So, you wait.
A few hours go by, and out of a squinted eye, you peek- no comments. Does this mean your blog is a failure? Was it something you said? Something you did?
In short, no. Not necessarily.
When blogging first became popular and started gaining notoriety (circa 1994) it was in the form of online diaries. Companies didn’t catch on to using blogging for their marketing purposes until the 2000s. By 2001, blogging was becoming a phenomenon, and how-to manuals began to appear. Universities started studying blogs and compared it to journalists.
Fast forward to today, and blogs are as widespread as the brands they represent. From personal injury lawyers to Breaded Cats (no, really...), you can find a blog pertaining to just about anything. With this insta-overload of content, it’s not often that someone takes time to leave a virtual pat on the back for the writer.
According to Brandon Gaille, one of the top small business bloggers in the country, there are over 152,000,000 blogs on the internet. If you’re not getting the comments you think you deserve, that doesn’t necessarily mean your blog isn’t getting the reach you planned on.

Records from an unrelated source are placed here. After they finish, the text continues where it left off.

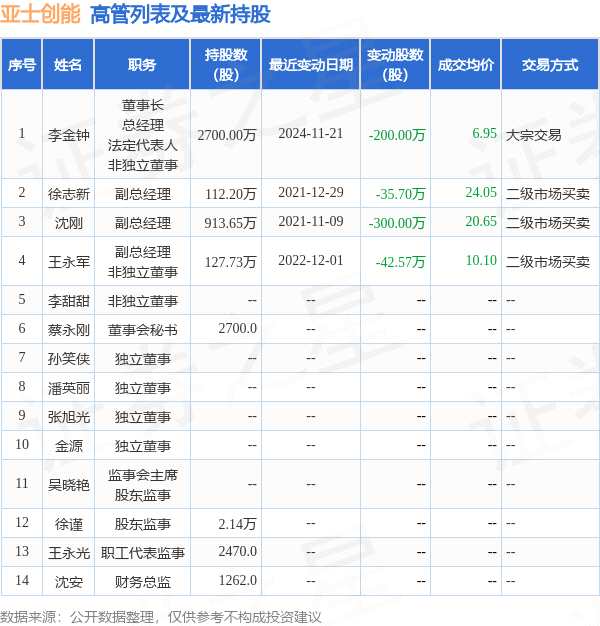 亞士創(chuàng)能的高管列表及最新持股情況如下:
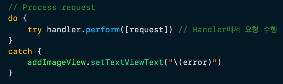 try handler.perform([request]) // Handler์์ ์์ฒญ ์ํ
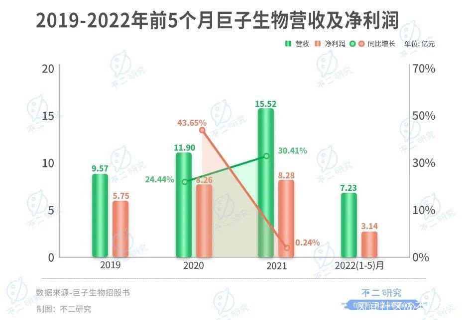 「不二研究」據鉅子生物新版招股書中發現:2022年1-5月,其營收為7.23億元,同比增加38.89%;同期的淨利潤為3.14億元,同比增加8.33%。
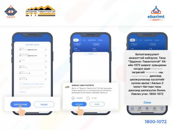 Харин “Эрдэнэс-Тавантолгой” ХК-ийн ногдол ашиг аваагүй иргэд хүсэлтээ ebarimt сайт болон аппликейшн ашиглан баталжуулалтаа хийх юм. Ингэснээр ногдол ашгийг иргэн таны баталгаажсан данс буюу ebarimt-д бүртгэлтэй дансанд ажлын 3 хоногт багтаан шилжинэ.
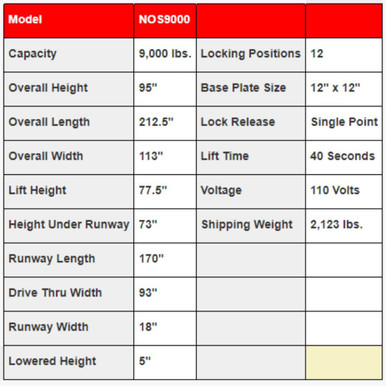 | Lift Model | NOS9000XLT |
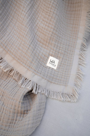 Die Musselin-Decke Daniela von hutch&PUTCH ist aus besonders weichem, vierlagigem Baumwollmusselin gefertigt und verbindet Leichtigkeit mit wohliger Wärme. In der Farbe Stone, einem dezenten Grau mit warmen Beigenuancen, wirkt sie ruhig, elegant und natürlich zugleich. Der neutrale Farbton fügt sich harmonisch in jedes Interieur ein und verleiht jedem Raum eine zeitlose, stilvolle Note.
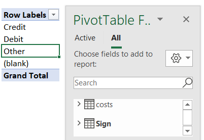 Why did this return the wrong result? The cause is because the left Pivot is asking for data from the Lookup Table (Sign) and from the transaction table (Transaction Type). In Power Pivot, Lookup Tables can see in to Data Tables, but Data Tables can't see in to Lookup Tables. Regardless of the rows field, the relationship flows down from the Sign Table to the Costs Table.
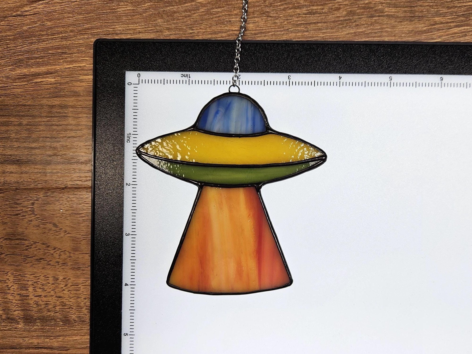 Stained Glass UFO - Blue, Yellow, Green, Orange
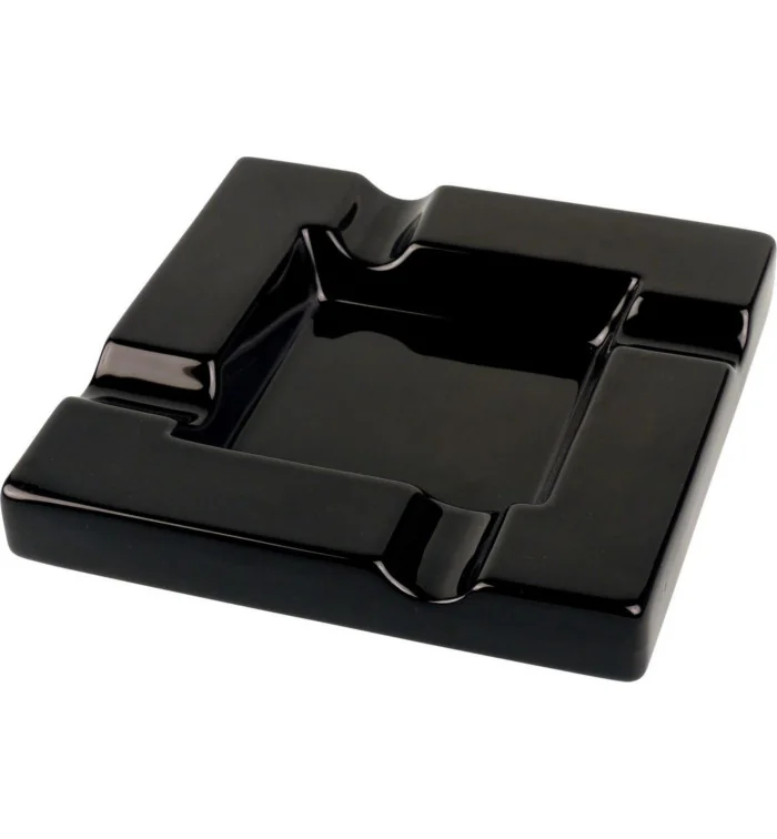 Ideální pro společenská setkání Tento klasický černý keramický popelník na doutníky je ideální pro příjemné chvíle s přáteli nebo obchodními partnery. Se čtyřmi velkorysými drážkami na doutníky nabízí dostatek prostoru pro bezpečné uložení až čtyř doutníků – ideální pro společné posezení s doutníky. Stylový design a praktické použití Elegantní lesk černé keramiky dodává popelníku sofistikovaný vzhled, který harmonicky zapadne do jakéhokoli prostředí – ať už na balkoně, v kuřárně nebo v obývacím pokoji. S rozměry 20 x 20 cm nabízí dostatek prostoru pro popel z doutníků a zároveň zůstává nenápadný. Díky své pohodlné výšce 3,5 cm je popelník stabilní a praktický. Hladký keramický povrch umožňuje obzvláště snadné čištění, takže je okamžitě připraven k opětovnému použití. Přehled hlavních vlastností
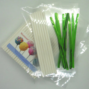 100pcs 6" Lollipop Stick, 100 pcs Poly Bag, 100pcs Green Twist Tie for cake pops in baby shower or party
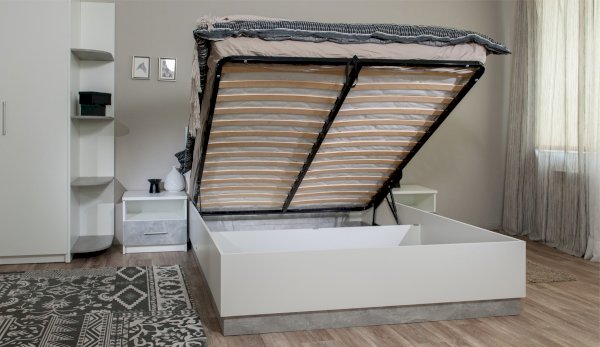 Кровать Аврора - акцент спальни, выполнена в стиле минимализм, удобна и просторна, можно с комфортом проводить свободное время. Изголовье - комбинированное, с декоративной вставкой контрастного цвета по центру. Кровать с надежным ортопедическим основанием с подъемным механизмом на газлифтах, внутри расположены две секции для хранения подушек, одеяла и любых других вещей.

These three tools will help you measure just how effective your blog really is.
Take a look at the image above. Look familiar? Chances are now that you’ve seen this, you’ll notice it over and over. Often times people want to share your great content with their circles, and commenting on your blog stagnates the chance that people will see their commentary. As important as social media is to you sharing your blog, you can understand why sharing has more value than a comment to your readers.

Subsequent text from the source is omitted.